---------- Entries shown

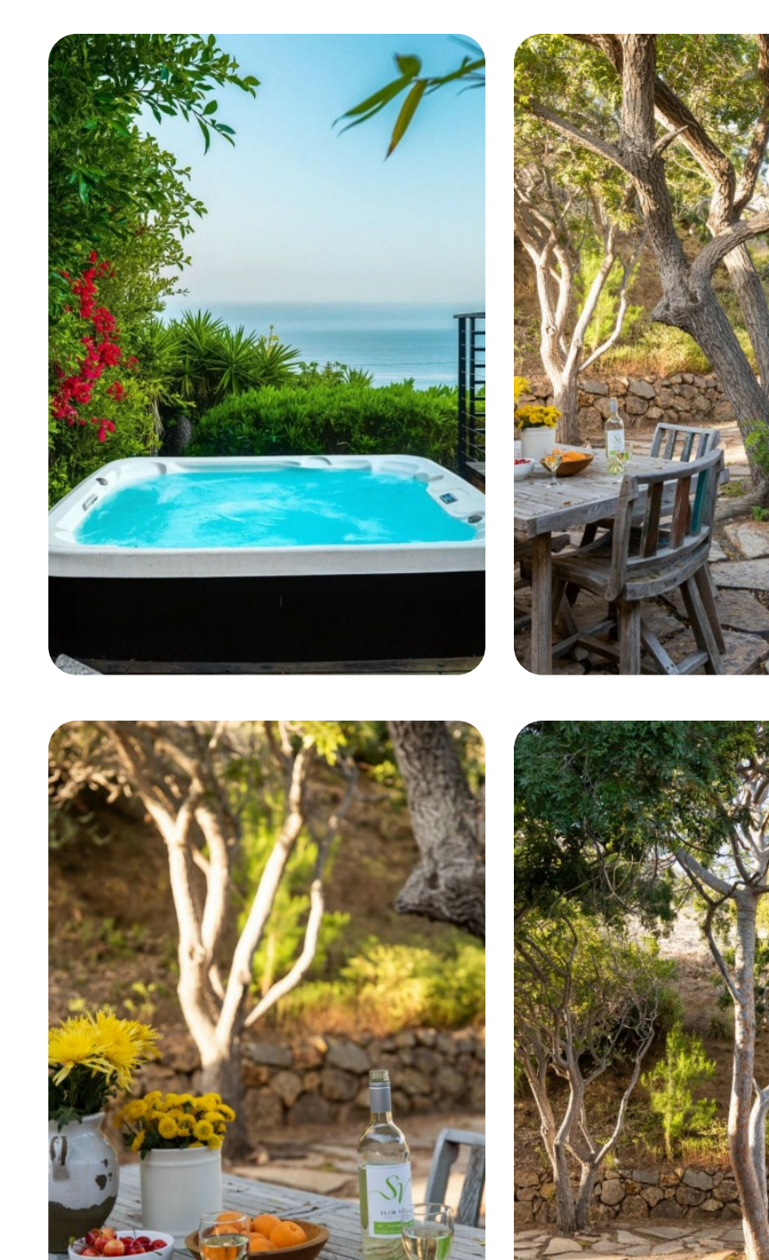
Malibu 19 | Page 6 of 8
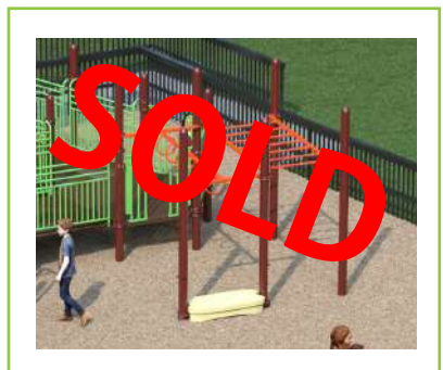
Double Monkey Bars $3,500

Your generous support will enable ALL children and caregivers of all abilities the opportunity to experience the joys and benefits of play. This destination playground will truly impact 10,000 people each year.
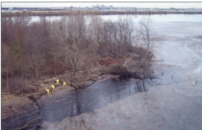
M/T Athos I Oil Spill, DE, PA, NJ - see case highlights.
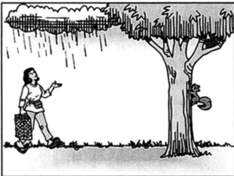
1st: It began to rain.
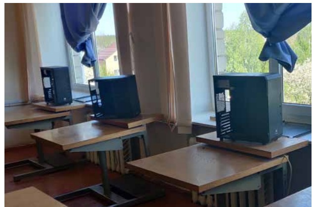
Looted hard discs at the school in Katyzhanka
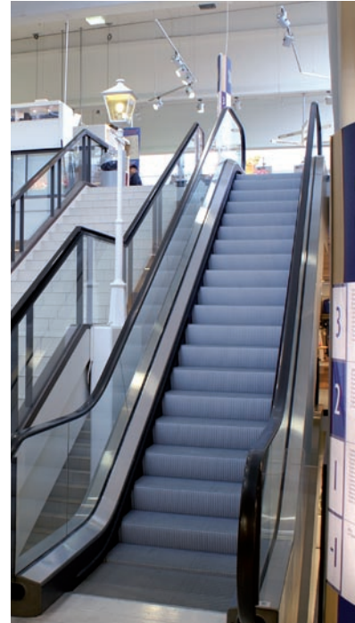
SOKOS LAHTI LAHTI, FINLAND

Scope 32 escalators and 4 ramps Construction / Modernization 2006 to 2010 Project type Full replacement
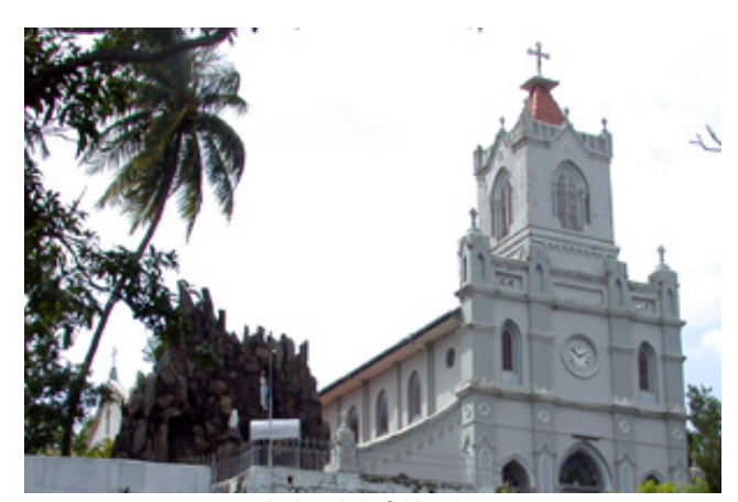
A church in Sri Lanka.

On June 19th, two other individuals who worked at the centre were travelling by bicycle when they were assaulted by a few people armed with iron rods. One of the Christian workers suffered an injury to his head, while the other sustained wounds to his hands. Both believers received medical treatment in hospital. That evening, the same perpetrators went to the homes of two other
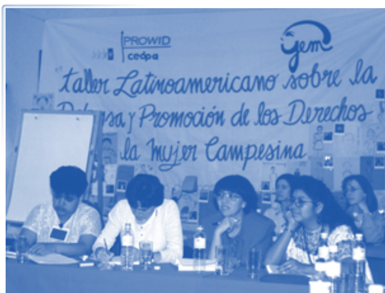
PROWID project partners participate in a regional workshop on advocacy and the promotion of rural women’s rights in Latin America hosted by GEM

GEM’s project activities raised the visibility of women’s work and the value of their contributions to the Mexican economy and society. This was possible because GEM acknowledged the importance of exploring its own strengths and weaknesses, a process that “professionalized” its performance, elevated its image, and made its work better suit the needs of its constituencies.
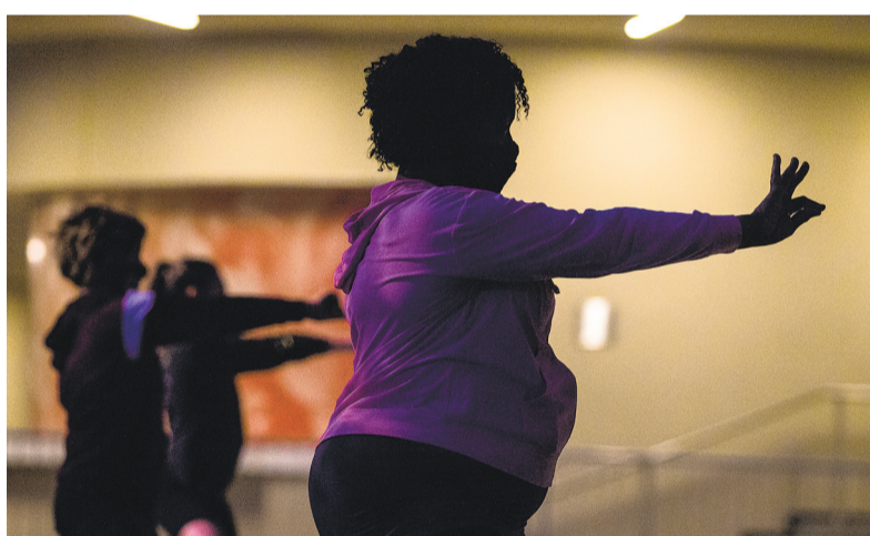
DANCERS participate in a Tuesday night dance class at the Segerstrom Center for the Arts.
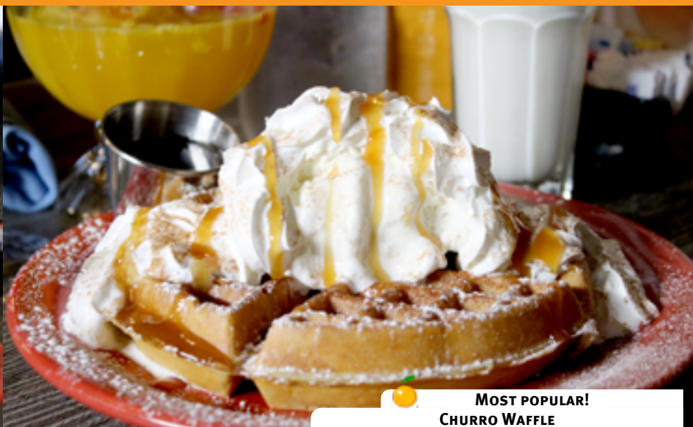
MOST POPULAR! CHURRO WAFFLE
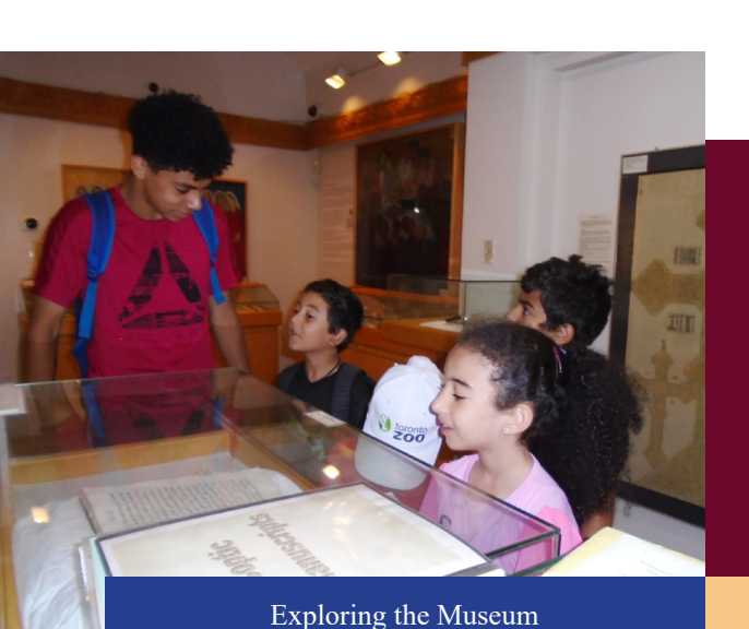
Exploring the Museum

In this issue of the Newsletter we are highlighting some of this summer's visitors and outreach activities.
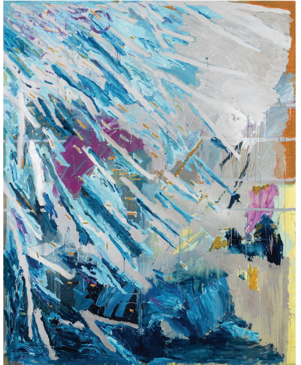
Diluvio, from the Bestiário series, 2018 oil and aluminum paste on canvas 98.4 x 78.7 in
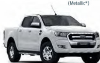
Frozen White (Solid)
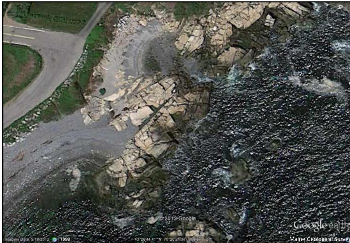
Figure 14. Site A. Area of Biddeford Granite bedrock.

Site A is an area of Biddeford Granite bedrock (Figure 14). This is the best place to inspect the granite. The granite contains fragments of the Kittery Formation, which sank into the molten rock before it solidified. Also, the granite is intruded by basalt dikes, which must be younger.
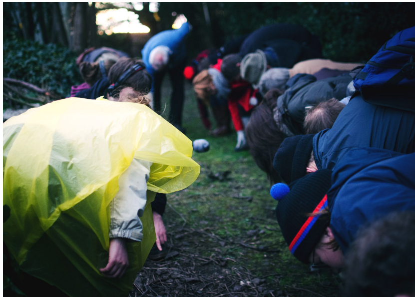
Calton Hill Constellations - site specific twilight performance

imagined restoring, by measuring pyramids.
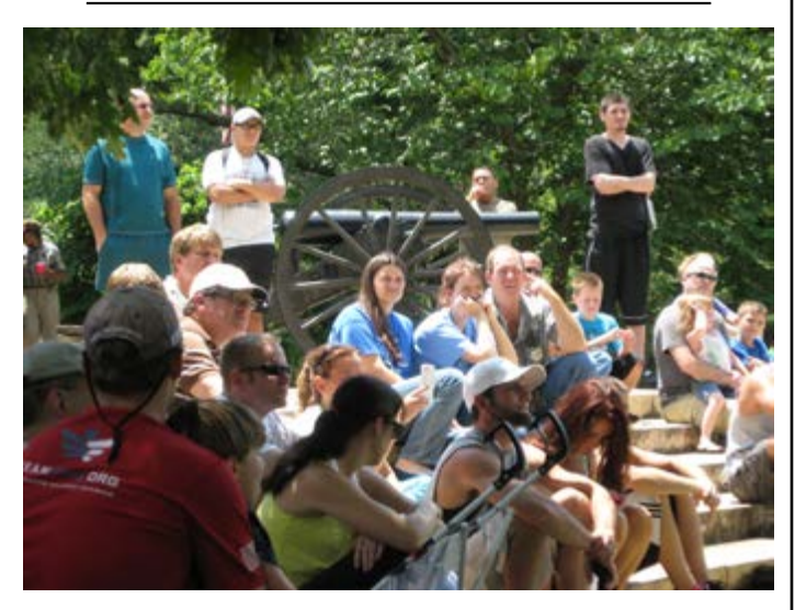
Visitors watching Infantry and Artillery demonstrations - photo by Ann Page. 149th Anniversary
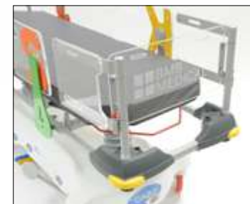
Paediatric kit head-end (optional)
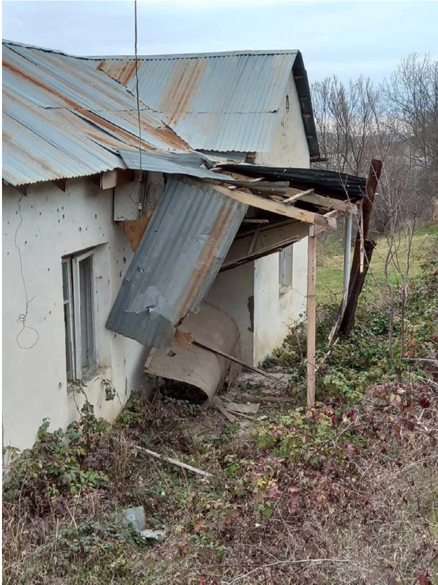
Image 2 . Damaged community building in Parukh village

March 11, 2022 - 7 projectiles exploded in the direction of Parukh village of Askeran region between 12:00-19:00.
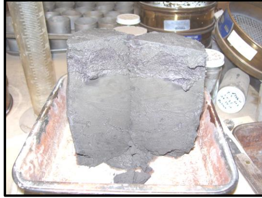
Figure 2: “Undisturbed” Fly Ash Sample Evidence of Compression During Sampling
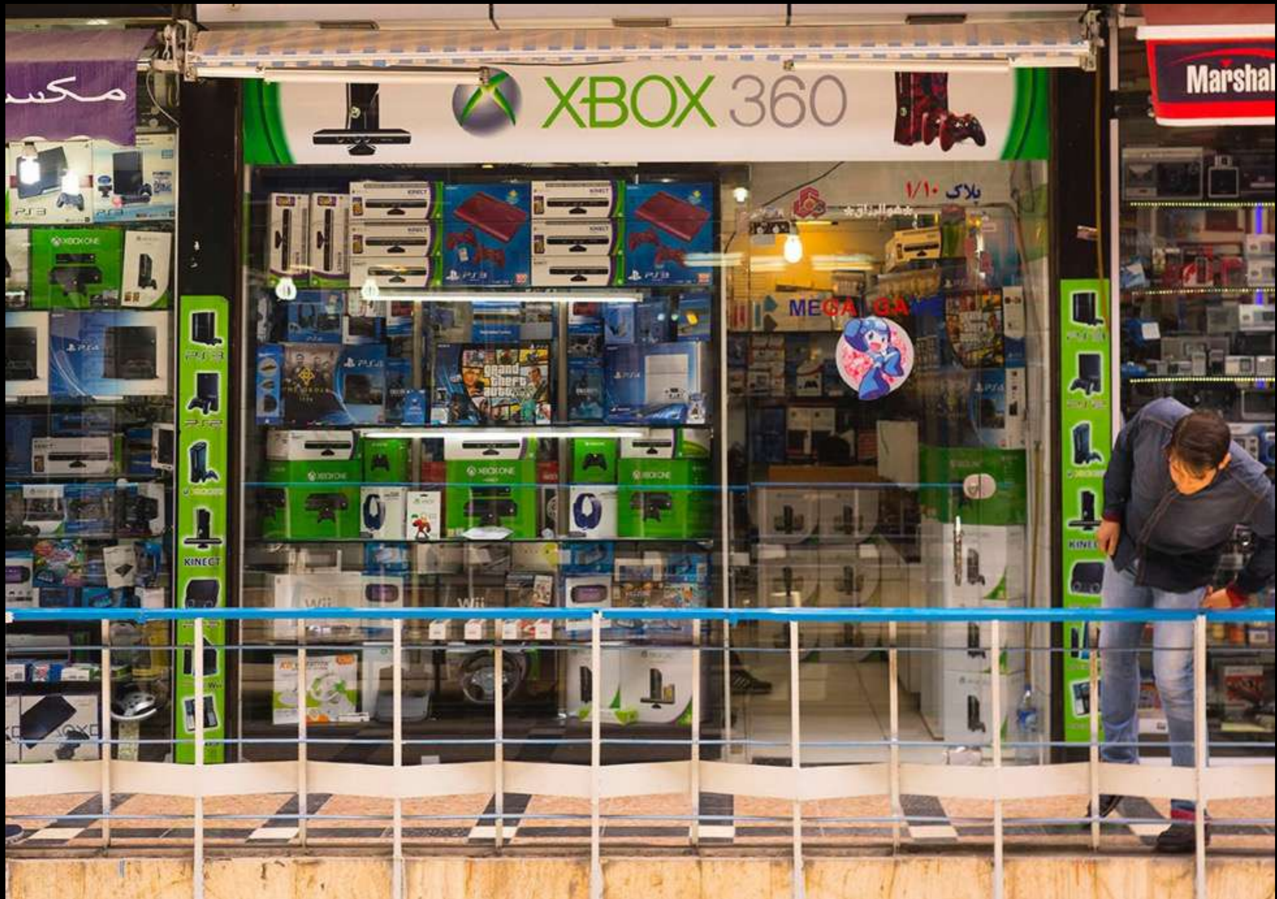
Microsoft's Xbox is for sale everywhere in the electronics quarter.
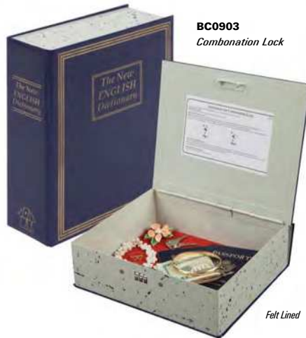
BC0903 Combination Lock
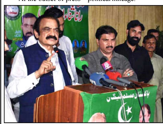
FAISALABAD: Interior Minister Rana Sana Ullah Khan addressing to a public gathering.

ISLAMABAD (APP): The Election Commission of Pakistan (ECP) on Monday issued a report that revealed the number of registered voters in the country had reached over 126 million, as of June 30, 2023. The ECP also released the percentage of voters in terms of age, according to which, the highest number of voters remained within the age group of 26 to 35 years. According to the report, the ratio of male and female voters in Pakistan stood at 54.02 per cent and 45.98 per cent respectively. The total number of registered voters in Islamabad was over one million while Punjab topped with 71.60 million voters.

--------------------

_Exercise brief_:
Report all lines of the data that include the word "village".

_Solution_:
Image 2 . Damaged community building in Parukh village
March 11, 2022 - 7 projectiles exploded in the direction of Parukh village of Askeran region between 12:00-19:00.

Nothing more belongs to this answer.